Explorers has a lot to say about negative imagery, repetition patters of television, and human fear of the unknown, but the main characters feel too young and naive to realize the gravity of these implications, making their journey somewhat moot. Dante’s best films create a binary between the adult world and that of children, showing an inherent generational conflict between innovative progress and repressive stasis. Explorers lacks such a dynamic theme, except on the fringes when Dante cuts away from the children and briefly references their clueless parents. For the first time, Dante’s critiques don’t feel warranted, or fair, as if his target is too vast and vague to give a human face.

Shot on the Universal set that now permanently calls itself Wisteria Lane, Joe Dante’s The ‘burbs uses its seemingly peaceful suburban locale as a hunting ground for snoopy neighbors and secretive activity, where passive aggressive tactics and hidden agendas produce a wonderfully dark cinematic mosaic of collective doubt. Dante is a master at blurring genres and tones and The ‘burbs ranks as one of his strangest mixtures, gracefully walking the line between slapstick comedy and horror film.

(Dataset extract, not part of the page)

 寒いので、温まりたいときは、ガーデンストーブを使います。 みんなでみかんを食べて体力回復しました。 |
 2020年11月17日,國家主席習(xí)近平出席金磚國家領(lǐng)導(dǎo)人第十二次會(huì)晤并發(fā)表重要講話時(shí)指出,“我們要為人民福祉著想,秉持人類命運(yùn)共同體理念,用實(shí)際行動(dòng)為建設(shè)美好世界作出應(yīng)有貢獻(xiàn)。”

A small group of male neighbors (Tom Hanks, Bruce Dern, and Rick Ducommun) awake from their mind-numbing routines when The Klopeks move in and raise concerns with their odd activity and complete isolation. The opening act is especially brilliant, introducing each character with a flair for the theatrical, isolating their strengths and weaknesses through sly camera movements and music parallels. In a film like The ‘burbs, space plays a crucial role, so the proximity between houses, lawns, and the connective street seems to constrict as the story progresses. Figurative and literal skeletons reside beneath the ground, within walls, even in car trunks, giving the film plenty of social subtext along with scary thrills. Even in the most benign residential spaces, shady dealings grow like weeds.
The ‘burbs subverts genre conventions by masking dark themes within confined locales, forcing the viewer to think about the horrific grey areas constantly surrounding us. In all of his best films, Dante uncovers the wars of everyday life; between people at odds, ideologies in conflict, and expectations of closure. Corey Feldman’s punk teenager Ricky knows best watching the entire finale from his front porch, flanked by slacker friends, loud music, and lawn chairs, only to proclaim, “We’re here to watch the show.” For Joe Dante, youth often equates to wisdom, and adulthood only spells distress and toil.

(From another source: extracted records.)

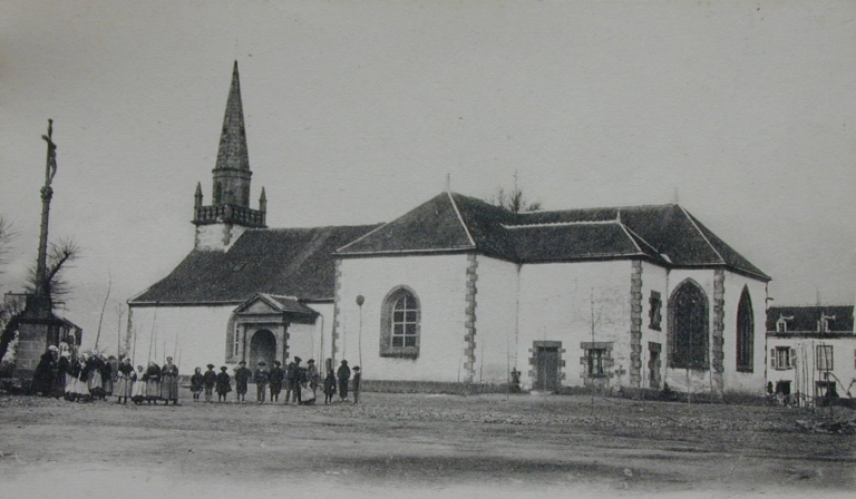 Clohars-Carnoët, église paroissiale Notre-Dame : vue générale sud-est. Carte postale ancienne (Collection particulière), reproduction de 2002Immatriculation
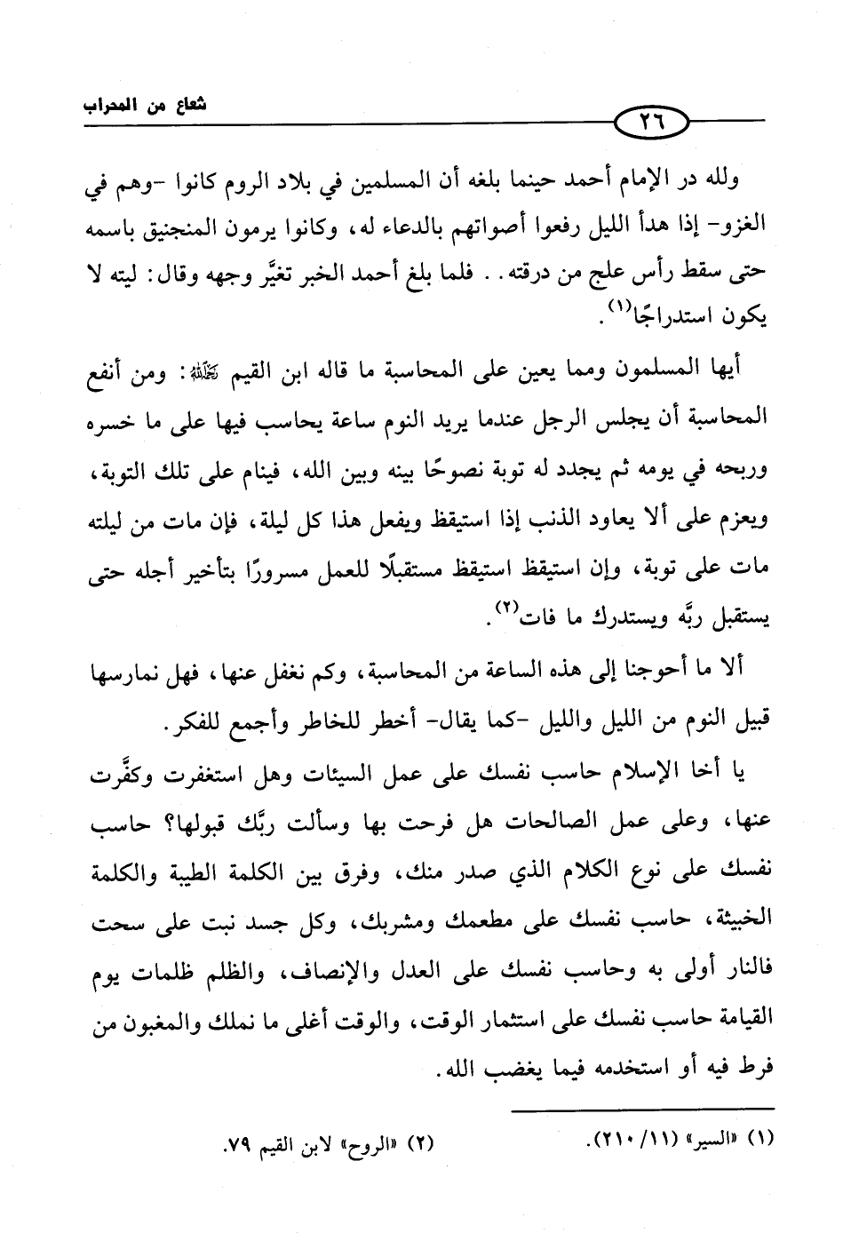 أيها المسلمون ومما يعين على المحاسبة ما قاله ابن القيم رحمه الله: ومن أنفع المحاسبة أن يجلس الرجل عندما يريد النوم ساعة يحاسب فيها على ما خسره وربحه في يومه ثم يجدد له توبة نصوحًا بينه وبين الله، فينام على تلك التوبة، ويعزم على ألا يعاود الذنب إذا استيقظ ويفعل هذا كل ليلة، فإن مات من ليلته مات على توبة، وإن استيقظ استيقظ مستقبلًا للعمل مسرورًا بتأخير أجله حتى يستقبل ربَّه ويستدرك ما فات (¬2).
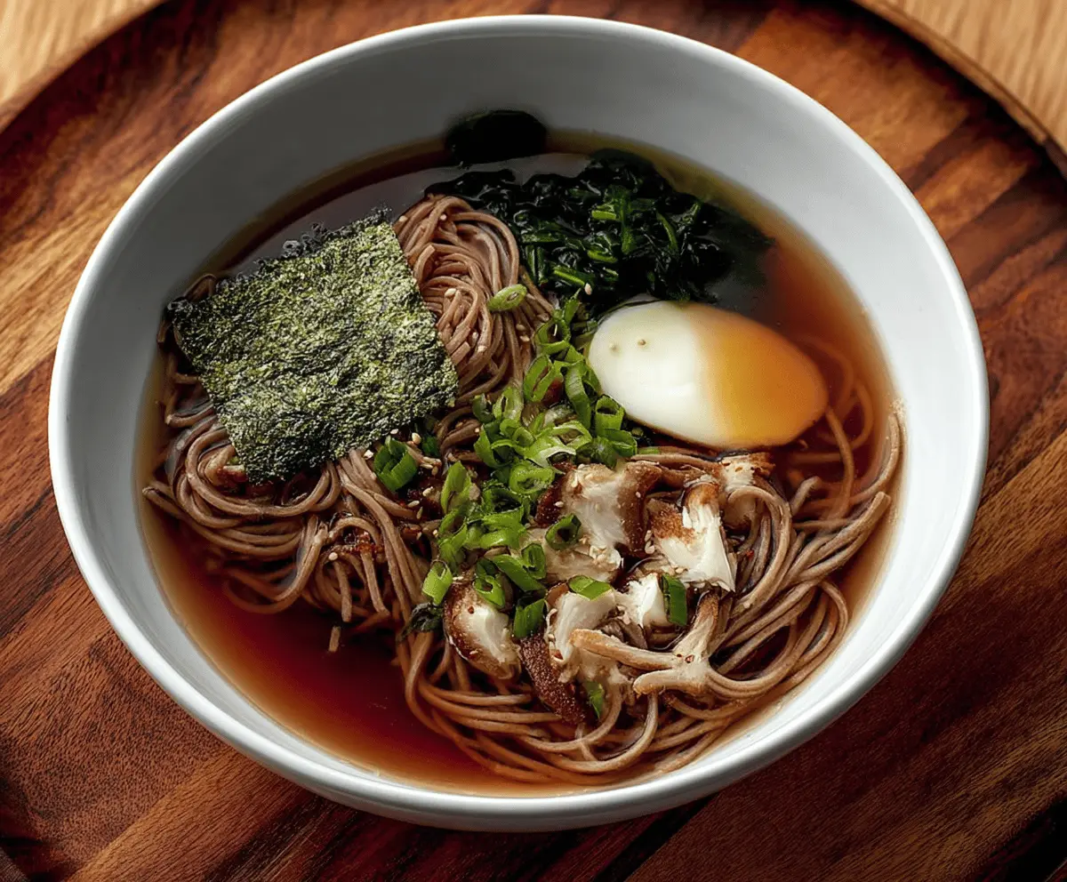 For a little extra flavor, drizzle a bit of sesame oil over the soup. Serve your soba noodle soup hot, alongside chopsticks and a spoon for enjoying the flavorful broth. Enjoy the cozy and delicious experience!

For me, it’s impossible to discuss Gregory Nava’s brilliant El Norte, a sweeping saga of two siblings fleeing social repression for the States, without first mentioning Alambrista!, Robert Young’s treatment of a Mexican worker crossing the border into California looking for a better life. Stylistically the two are as different as night and day – Nava invokes magical realism as a template to heighten the horrors of the journey north, while Young depends on absurdist and surrealist elements to illuminate the brutal nature of his hero’s trek. But both films see the same contradictions, abuses, and tragedies inherent in the Latino struggle within the American capitalist machine. The sacrifices these outsider characters make, both physical, psychological, and moral, deepen the complexity of their situation without demonizing the American collective. The real villain of both films is the situation itself, where people are put into impossible scenarios, forced to choose one family member over another, a job over love, personal survival over familial growth.

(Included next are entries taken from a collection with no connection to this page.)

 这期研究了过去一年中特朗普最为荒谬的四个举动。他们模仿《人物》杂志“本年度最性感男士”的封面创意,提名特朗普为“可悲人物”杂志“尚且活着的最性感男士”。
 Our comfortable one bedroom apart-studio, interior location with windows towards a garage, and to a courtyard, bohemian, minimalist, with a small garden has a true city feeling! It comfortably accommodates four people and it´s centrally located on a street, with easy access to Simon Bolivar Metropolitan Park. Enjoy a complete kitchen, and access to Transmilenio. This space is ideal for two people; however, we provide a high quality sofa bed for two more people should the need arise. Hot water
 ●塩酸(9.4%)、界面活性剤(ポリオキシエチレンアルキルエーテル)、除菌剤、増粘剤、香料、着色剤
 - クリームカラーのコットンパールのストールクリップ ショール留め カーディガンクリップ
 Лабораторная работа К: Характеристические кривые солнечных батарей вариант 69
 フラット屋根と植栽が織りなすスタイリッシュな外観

Nava’s film in particular displays a devastating sense of clarity in regards to the tragedy of it’s characters Rosa and Enrique, a brother and sister exiled from their Indian village in the lush, foggy mountains of Guatemala by the threat of a fascist Military regime. El Norte begins with the destruction of their family, the direct cause of Rosa and Enrique’s plight, graphically displayed when their revolutionary Father is ambushed by soldiers and beheaded to invoke collective fear. It’s almost Herzogian when Enrique finds his father’s head hanging from a branch, the dead eyes staring back with the menacing epic backdrop overwhelming the frame. Nava introduces both the themes of regret and pragmatism in one stunning moment.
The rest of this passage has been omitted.